Open source monitoring with Prometheus

Prometheus organizes data in a time series. This type of data graph is useful for tracking how a numeric value changes over time. Prometheus then uses the time series to track the following:

  • Counters: Values that can only increment, like the number of requests handled.
  • Gauges: Values that can go up and down, like memory used.
  • Histograms: Values that are counted in a number of buckets, like response time.
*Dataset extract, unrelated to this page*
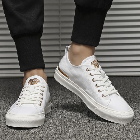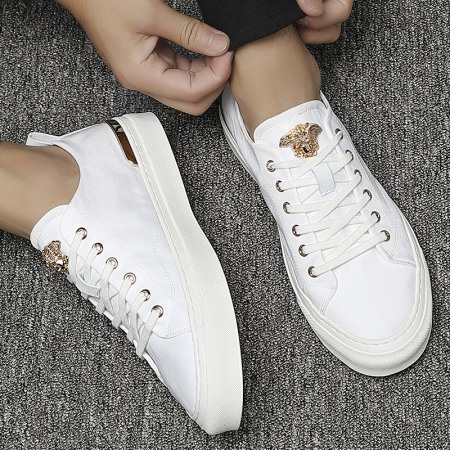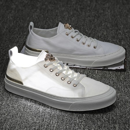 New Men's Trendy Shoes Summer Breathable White Board Shoe Leather Casual Shoes

A single metric (like HTTP response time) corresponds to multiple time series that have a unique set of labels. Thanks to these labels, you can filter queries for specific criteria, such as the HTTP response time for a particular URL.

Deploying Prometheus

You can use the Prometheus Operator to create and configure Prometheus on Kubernetes. To set up this example, I started by creating a project with a user that has monitoring permissions. I followed the steps described in Monitoring your own services to create the project and user.

Exposing metrics from .NET Core

We'll use the prometheus-net library to expose metrics from .NET Core. This library includes a package for monitoring .NET Core, and a separate package for monitoring ASP.NET Core. The ASP.NET Core monitoring package includes additional metrics related to the web server.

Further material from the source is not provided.